Варвары орали, голося во все горло куплеты, охотники орали, воины орали, сам Обсул тоже попил, будто оглашенный, лишь старец оставался холодным как мрамор, точь-в-точь как родитель ученика на вечеринке, внимательный, но отсутствующий.
Оле, оле,
Пляшем в 2000-й год,
Оле, оле,
Веселый хоровод.
Незадолго до полуночи несколько избранных женщин тоже пригласили на бал, туда, где веселился плебс, обычные варвары; естественно, девицы были уже потасканные, далеко не первого разбора, но все-таки еще съедобные, в мгновение ока они растворились в массе танцующих.
Побеждали
Смерть и непогоду.
Они тоже пели, хлопая в ладоши, и если бы в меня не впечаталось намертво воспоминание об адском плоте со старухами и чокнутыми, то зрелище их распахнутых грудей и юбок с разрезом показалось бы мне как минимум волнующим.
Но я стал другим.
Я был по ту сторону всего.
В ограде замка фиеста продолжалась с удвоенной силой, одна из женщин показывала грудь, другие аплодировали, «пускай «Титаник» тонет, мы пляшем в 2000-й год», переодетые мужчины терлись о них, возбуждали остальных, извивались в ритме, «оле, оле, мы празднуем столетье, танцуем на рассвете». Думаю, мы не слишком далеко ушли от осады Гамилькаром Карфагена, и, если бы на вершине одной из башен Шамбора появилась сама Саламбо
[28]
в летящих по ветру покрывалах и произнесла пару ругательств в адрес наемников, по-моему, это никого бы особенно не удивило. Атмосфера располагала к величественным сценам и к магии.

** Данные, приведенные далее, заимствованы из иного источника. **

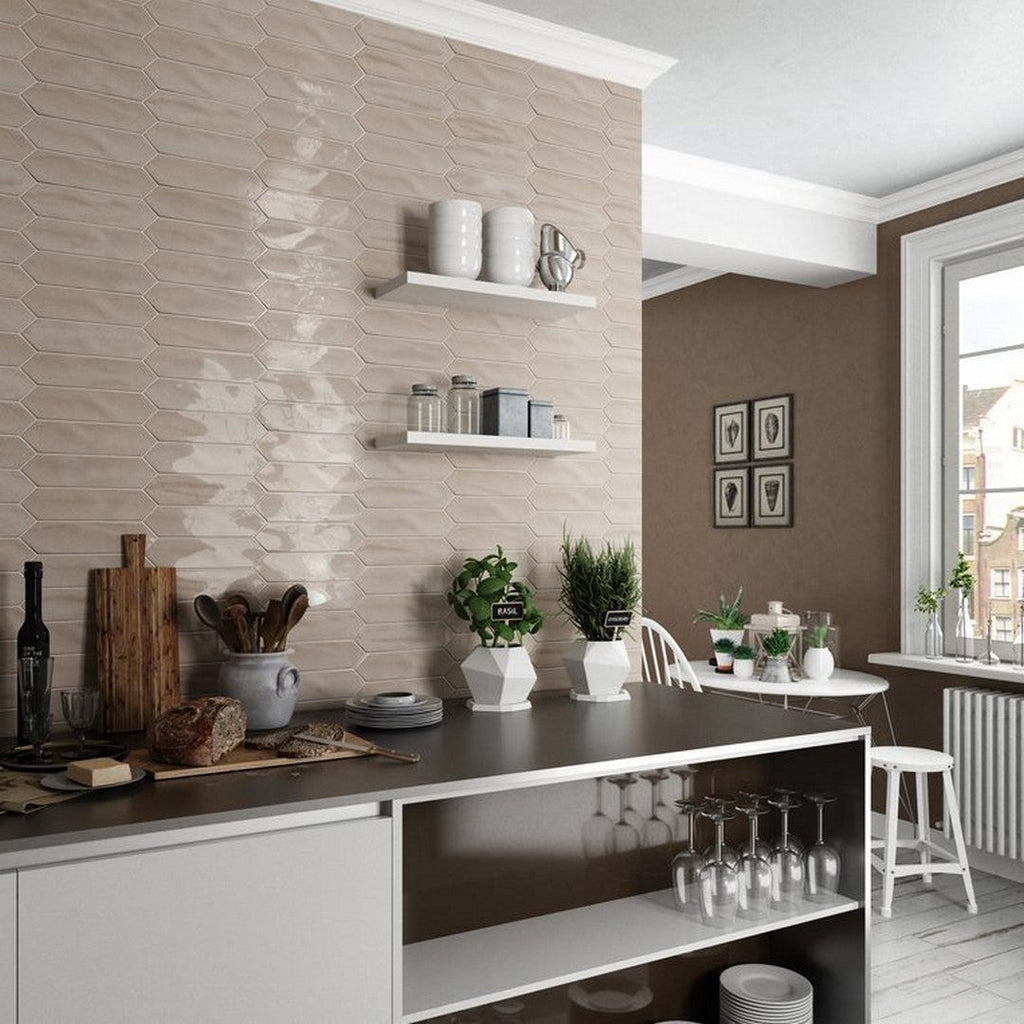 Tesoro Crayons 3" x 12" Pressed Glossy Ceramic Picket Wall Tile: Add a unique, artistic touch to your walls with Tesoro Crayons 3" x 12" pressed glossy ceramic picket wall tile. Its elongated hexagon shape and glossy finish create a dynamic, modern look that is perfect for backsplashes and accent walls. This high-quality ceramic tile is easy to clean and adds a vibrant pop of color to any room.

Само посвящение состоялось часа в четыре утра, перед пьяным, расхристанным королем, которого сосали две юные гейши – совершенно иного разбора, отметил я походя, чем те, что были отданы толпе, – они трудились без устали, сменяя друг друга, пока он не велел им перестать, слишком разбитый, чтобы кончить. Он сдавил меня в объятиях, твердя снова и снова все хорошее, что думал обо мне, что я почти спас ему жизнь, затем я получил право на ритуальный порез, мы смешали нашу кровь – Обсул, а за ним и прочие столпы Шамбора, и я подумал, что на сей раз СПИД мне обеспечен, что они наверняка все больны, а вот удастся ли раздобыть здесь лекарства, это большой вопрос, а потом я посмеялся над своими глупыми страхами, пришедшими из иных времен, принял поцелуй и повторил фразы, навеки скрепившие мое превращение в Рыцаря Благородного Дела, Столп Шамбора и Товарища Обсула.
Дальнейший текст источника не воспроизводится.